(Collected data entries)
════

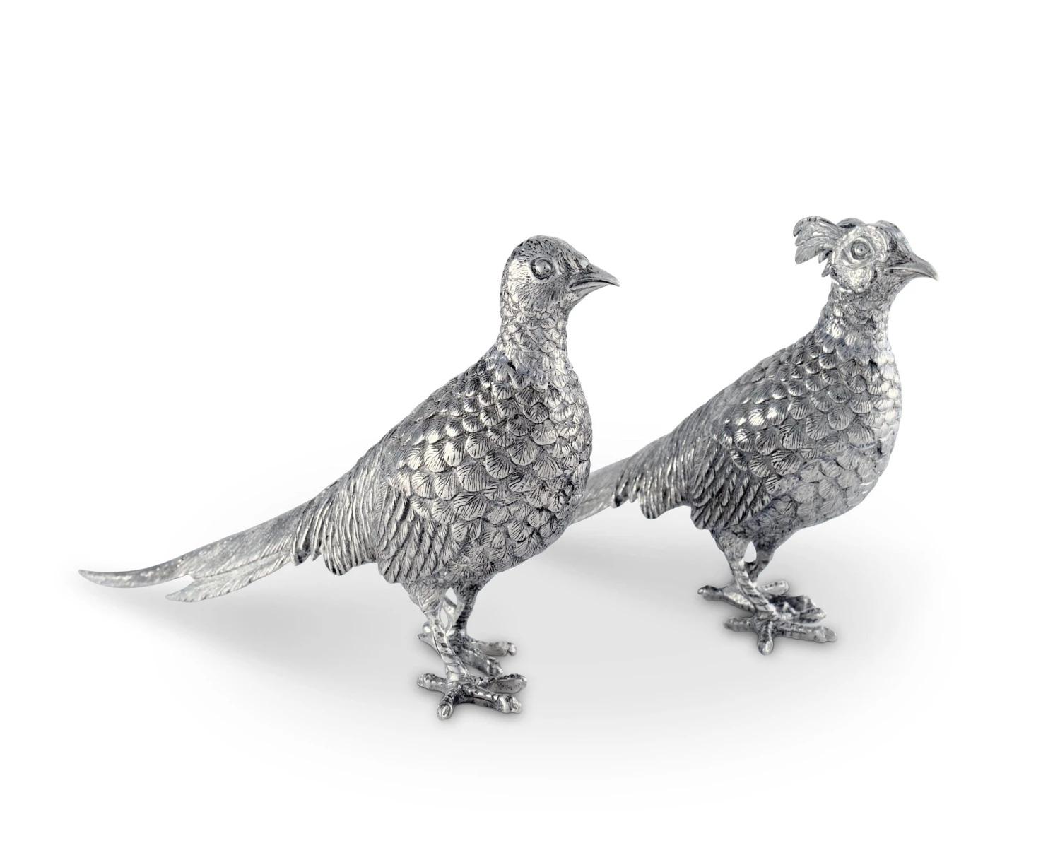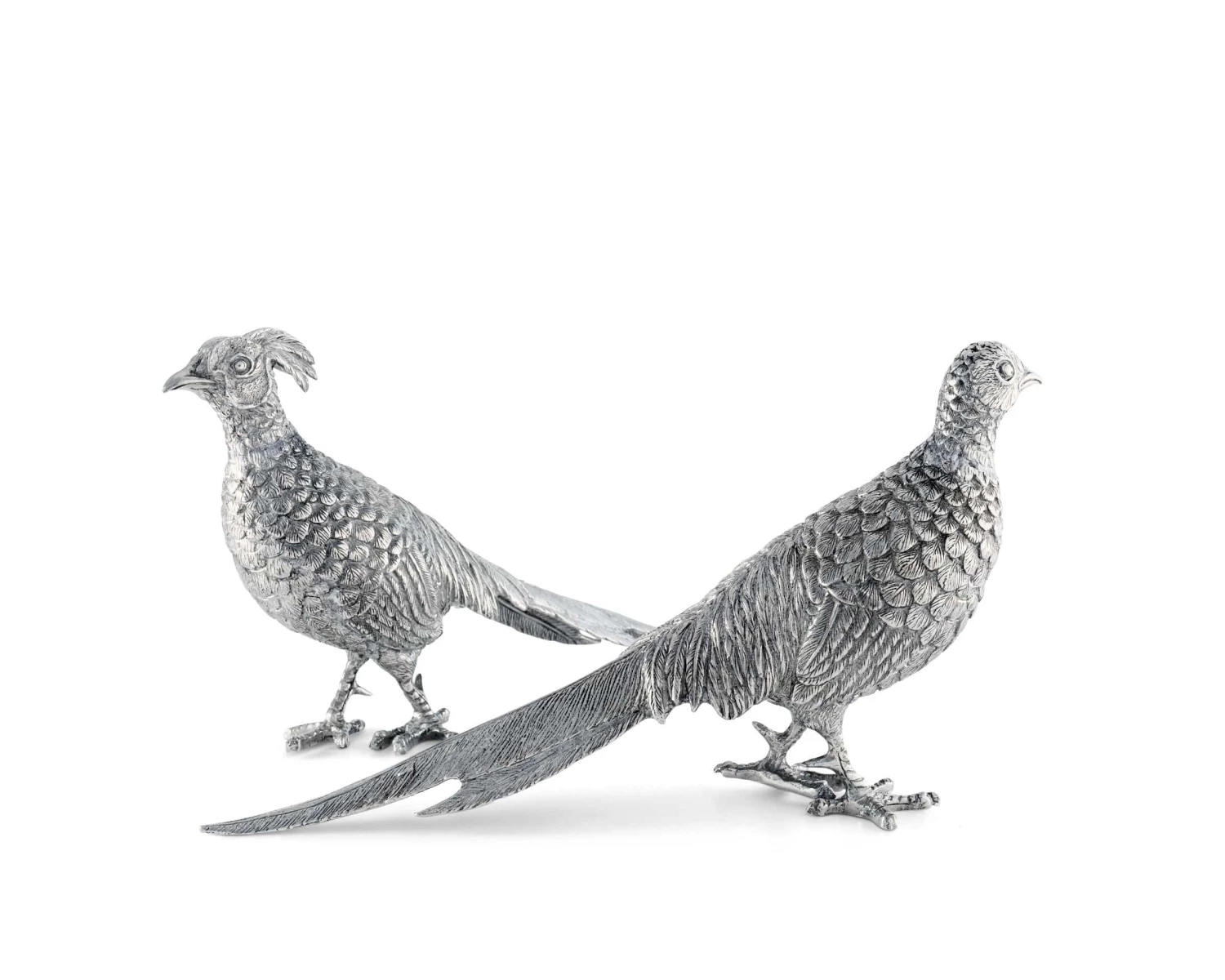 This pair of intricately detailed pure Vagabond House pewter pheasant statuettes are so realistic you may want to offer them some bird seed! Crafted with our signature dedication to capturing the exquisite details, beauty and nature of wildlife in pewter and finely hand-finished.
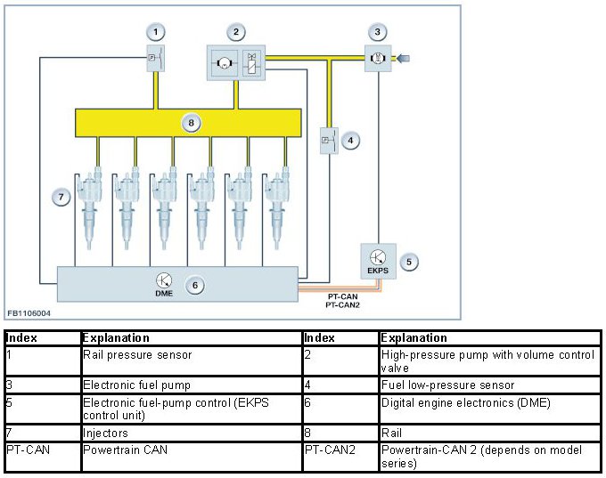 The DME control unit runs a continuous comparison between the specified pressure and actual pressure. If there is a deviation between the specified pressure and actual pressure, the DME control unit increases or decreases the voltage for the electric fuel pump, sent as a message across the PT-CAN to the EKP control unit. The EKP control unit converts the message into an output voltage for the electric fuel pump. These regulates the required delivery pressure for the engine (or high-pressure pump).
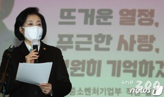 (대전=뉴스1) 김기태 기자 = 박영선 중소벤처기업부 장관이 20일 오후 정부대전청사에서 직원과의 대화에서 인사말을 하고 있다. 박 장관은 서울시장 보궐선거 출마를 위해 사의를 표명한 것으로 알려졌다. 2021.1.20/뉴스1 |
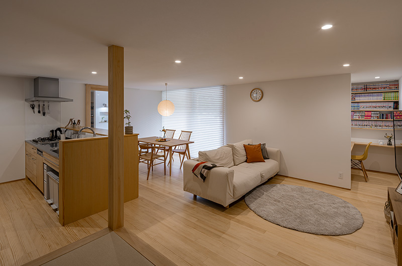 南側全面の土間プランを改良して生まれた家族の気配を感じる書斎。
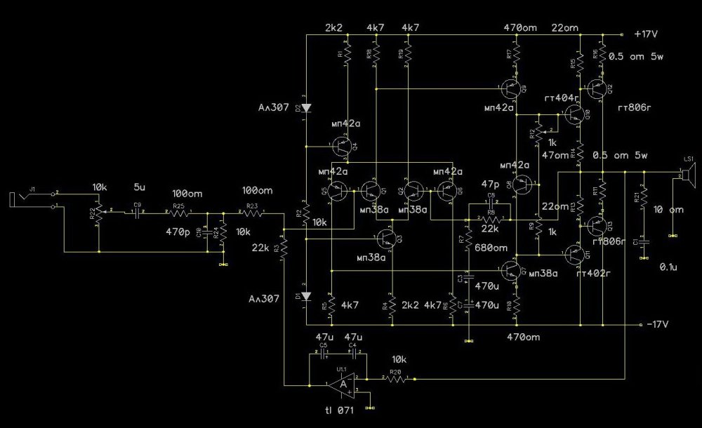 А у автора поет не свистит не чихает, у повторившего темная картинка переведенная на отечественные транзисторы тоже поет. Вот так диагностика дистанционная... https://arambajk.blogspot.com/2012/01/kvazikomplementarni-zesilovac-s.html Хватит уже вешать ярлыки на всех, нужно быть добрее.
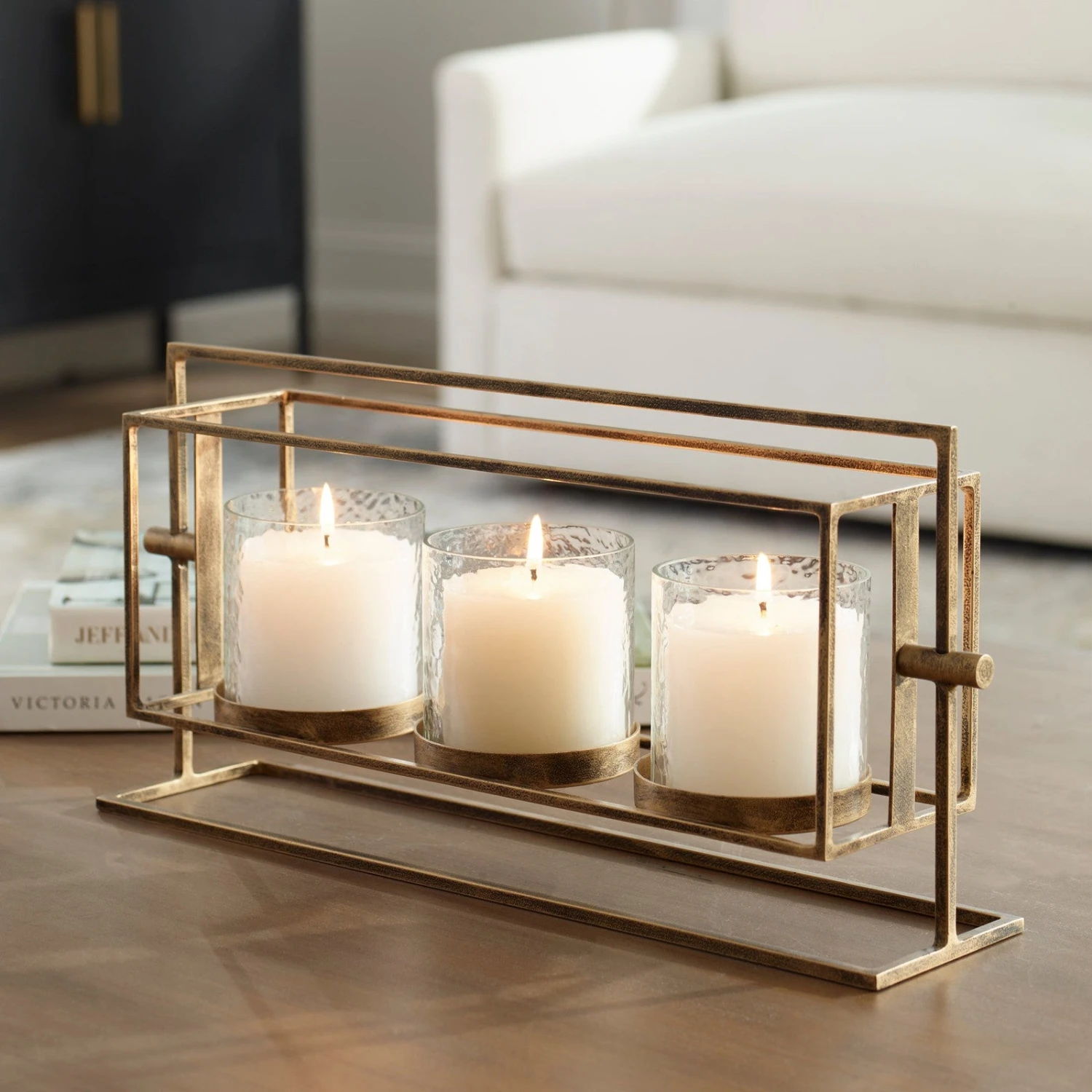 - Designed To Hold Three Pillar Candles, It Features Removable Textured Clear Glass Hurricanes And Iron Stand With Antique Gold Finish.

════

## INSTRUCTIONS TO FOLLOW
A word-for-word restatement of all the lines above is needed, with the pictures omitted.

## EXPECTED ANSWER
 This pair of intricately detailed pure Vagabond House pewter pheasant statuettes are so realistic you may want to offer them some bird seed! Crafted with our signature dedication to capturing the exquisite details, beauty and nature of wildlife in pewter and finely hand-finished.
 The DME control unit runs a continuous comparison between the specified pressure and actual pressure. If there is a deviation between the specified pressure and actual pressure, the DME control unit increases or decreases the voltage for the electric fuel pump, sent as a message across the PT-CAN to the EKP control unit. The EKP control unit converts the message into an output voltage for the electric fuel pump. These regulates the required delivery pressure for the engine (or high-pressure pump).
 (대전=뉴스1) 김기태 기자 = 박영선 중소벤처기업부 장관이 20일 오후 정부대전청사에서 직원과의 대화에서 인사말을 하고 있다. 박 장관은 서울시장 보궐선거 출마를 위해 사의를 표명한 것으로 알려졌다. 2021.1.20/뉴스1 |
 南側全面の土間プランを改良して生まれた家族の気配を感じる書斎。
 А у автора поет не свистит не чихает, у повторившего темная картинка переведенная на отечественные транзисторы тоже поет. Вот так диагностика дистанционная... https://arambajk.blogspot.com/2012/01/kvazikomplementarni-zesilovac-s.html Хватит уже вешать ярлыки на всех, нужно быть добрее.
 - Designed To Hold Three Pillar Candles, It Features Removable Textured Clear Glass Hurricanes And Iron Stand With Antique Gold Finish.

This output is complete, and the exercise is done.